Simon Kovar (May 15, 1890 – January 17, 1970) was a 20th-century bassoonist and one of the most renowned teachers of the instrument.

Simon Kovar was born Simon Kovarski in Vilnius, Russian Empire, in 1890. He took up the bassoon at age 20 after originally studying the violin.  Kovar came to the United States in June 1922, settling in New York City where he took the position of second bassoonist with the New York Philharmonic.

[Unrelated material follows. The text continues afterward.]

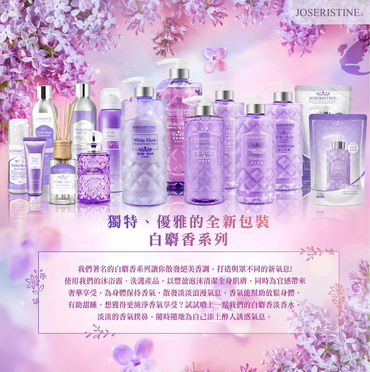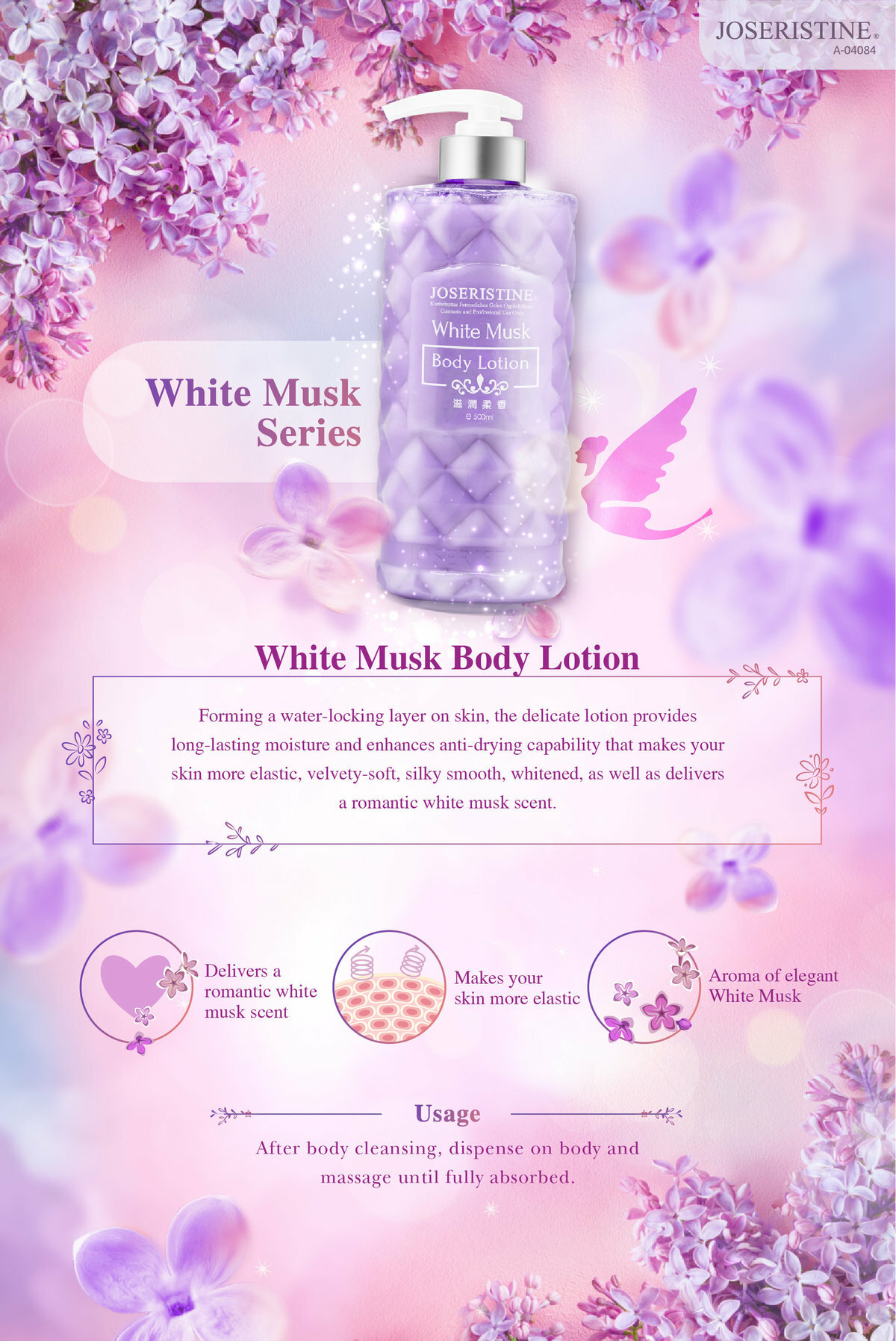 細膩潤滑的乳液於肌膚表面形成鎖水保護膜,牢牢鎖住水分,為肌膚提供持久滋養,提升肌膚抗乾燥能力,回復肌膚彈性,締造絲滑嫩白肌膚,並散發浪漫迷人的白麝香香味。

He was highly regarded as a teacher and was head of the bassoon faculty at the Juilliard School of Music for 28 years.  Kovar also taught at Teachers College at Columbia University, the Music Academy of the West, and the Curtis Institute of Music, the Manhattan School of Music, Mannes College of Music, and the Conservatoire de musique du Québec à Montréal.  His students ranged from top orchestra bassoonists, including Sol Schoenbach and Bernard Garfield to jazz musicians, including saxophonists Stan Getz and Ray Pizzi.

His 24 Daily Studies for Bassoon, written in the late 1950s, are considered first-rate practice exercises for the bassoon.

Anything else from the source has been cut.